Фердинанд IV, есть самая благость; ясное, всегда веселое лице изображает всю кротость души его. Судьбе угодно было обременить его многими несчастиями и потерями; но он не унывает, надеется на Бога и переносит все неприятности с непоколебимою твердостью. Когда Наполеон пророческим тоном объявил армии своей, занимавшей Неаполитанское Королевство, скорое завоевание Сицилии, то добрый Фердинанд в шутку тогда сказал: “Наполеону не удастся согнать меня с земного шара, я с оружием в руках и моими борбонами (борбони так называется здесь царская рыбка. Известно, что Король любит охоту в рыбную ловлю) всегда буду Королем”. Сим Его Величество хотел сказать, что он как царь будет защищаться и умрет с честью бурбонов. Король обожаем народом. Некогда проезжал он городом на любимую свою охоту, птичью ловлю; народ так столпился на улице, что коляска его на силу могла двигаться. Король с добрым видом, дав поцеловать руку ближайшему к нему Лазарону, едва успел сказать “перестаньте же кричать и дайте мне дорогу” как народ расступился, клики “да здравствует Отец наш!” умолкли и что ж я увидел? Едва Король несколько отъехал, чернь обратилась к тому нищему, который удостоился поцеловать Королевскую [126] руку и все стремились обнимать его, как освященного прикосновением Помазанника. Конечно, думал я в себе, и сами победы не заставили бы любить Короля более, сколько теперь любят его в несчастии. Король ездит всегда без свиты, просто в сюртуке, редко в мундире. Он так близок народу, так доступен, что благодушие его иногда делает Лазаронов слишком докучливыми и наглыми. Один раз, когда в Неаполе вздорожал хлеб; народ, бежав за его экипажем, кричал: “Отец наш! Хлеб дорог!” Король также ехал на охоту, и что же он сделал? велел везти себя в Городовое Правление, и войдя в присутствие спросил: “почему хлеб так вздорожал?” Президент объяснил и доказал, что цена очень умеренна и уменьшить оной невозможно.

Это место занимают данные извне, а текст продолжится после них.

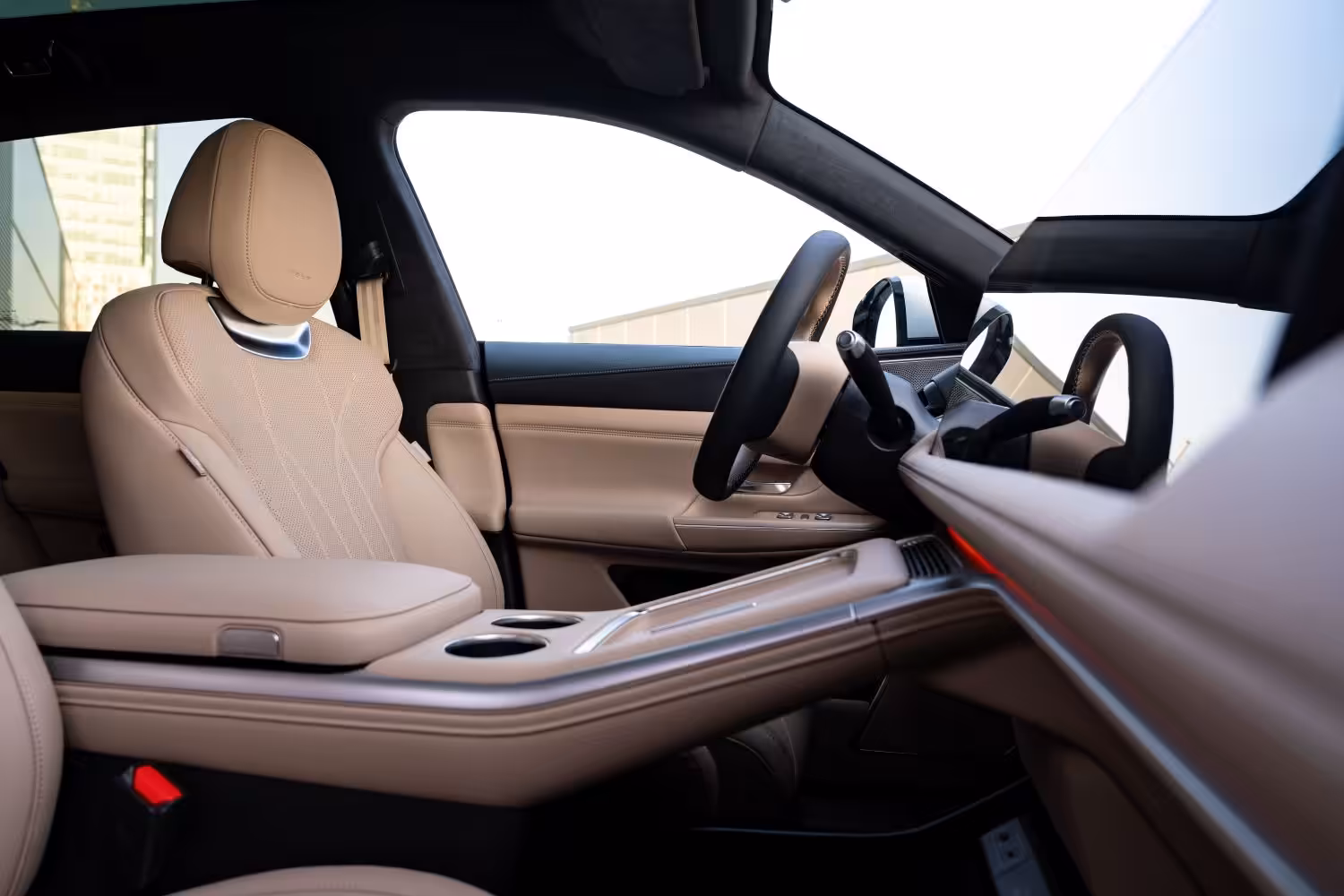 Interiér ako taký prešiel len jemnými úpravami. Pribudol nový volant a mierne prepracované ambientné osvetlenie. Niektoré prvky však zmizli, ako napríklad takzvané queen mirror, ktoré umožňovalo nastavenie farebnej teploty osvetlenia zrkadla. Dominantou palubnej dosky zostáva dvojica veľkých displejov. Jeden slúži vodičovi, druhý spolujazdcovi. Práve ten spolujazdcov displej je veľmi praktický. Ak je auto pripojené na internet, môžete si na ňom pustiť YouTube, Netflix či iný obsah. Pre rodiny s deťmi ide o ideálne riešenie na dlhé cesty.

— Очень хорошо, — отвечал Король, — уменьшите от фунта ползолотника и объявите цену полбайоном меньше.

Фердинанд, будучи уже в преклонных летах старости, с некоторого времени большую часть забот правления предоставил Королеве, и Каролина, обладая высоким умом матери своей Марии Терезии, имеет и ее характер, и также управляет Сицилией, как сестра ее Мария Антуанета управляла Францией. Она, искусной рукою твердо держит бразды правления; она распоряжает всем; дает повеления министрам; располагает движениями войск; [127] строптивость дворян обезоруживает лентами, ласками и призыванием их ко Двору; своевольства Палермской черни воздерживает строгой полицией: она все знает, что вокруг ее делается; знает, что делают и думают в Неаполе, соображает свои действия с обстоятельствами и тайными сношениями с прежними подданными, более беспокоит Неаполитанского Короля, нежели опасается его силы. Будучи в видимой зависимости от Английского Министерства, она не иначе уклоняется пред необходимостью, как с достоинством. В сношениях с неприятелем она непреклонна. Наполеон предложил чрез бракосочетание дочери ее с Мюратом, соединить в потомстве их, наследство короны обеих Сицилий. Королева изъявила несогласие свое таким тоном, что униженный, пристыженный оным победоносный рыцарь, в движении гнева положил во что бы ни стало покорить Сицилию, и в прокламации своей к Неаполитанской армии, употребил неприличные выражения. Не смотря на представление, что без покровительства флота, не возможно украдкой высадить на рыбачьих лодках, достаточного числа войск для покорения Мессины или какой другой крепости, защищаемых значительной армией и сильным корабельным и гребным флотом, Наполеон дал решительное повеление исполнить его намерение, и из десятитысячного корпуса, ночью во время штиля [128] перевезенного из Реджио, к югу от Мессины, едва ли третья часть спаслась; прочие несколькими канонерскими лодками без защиты были потоплены в проливе и весьма малое только число досталось в плен.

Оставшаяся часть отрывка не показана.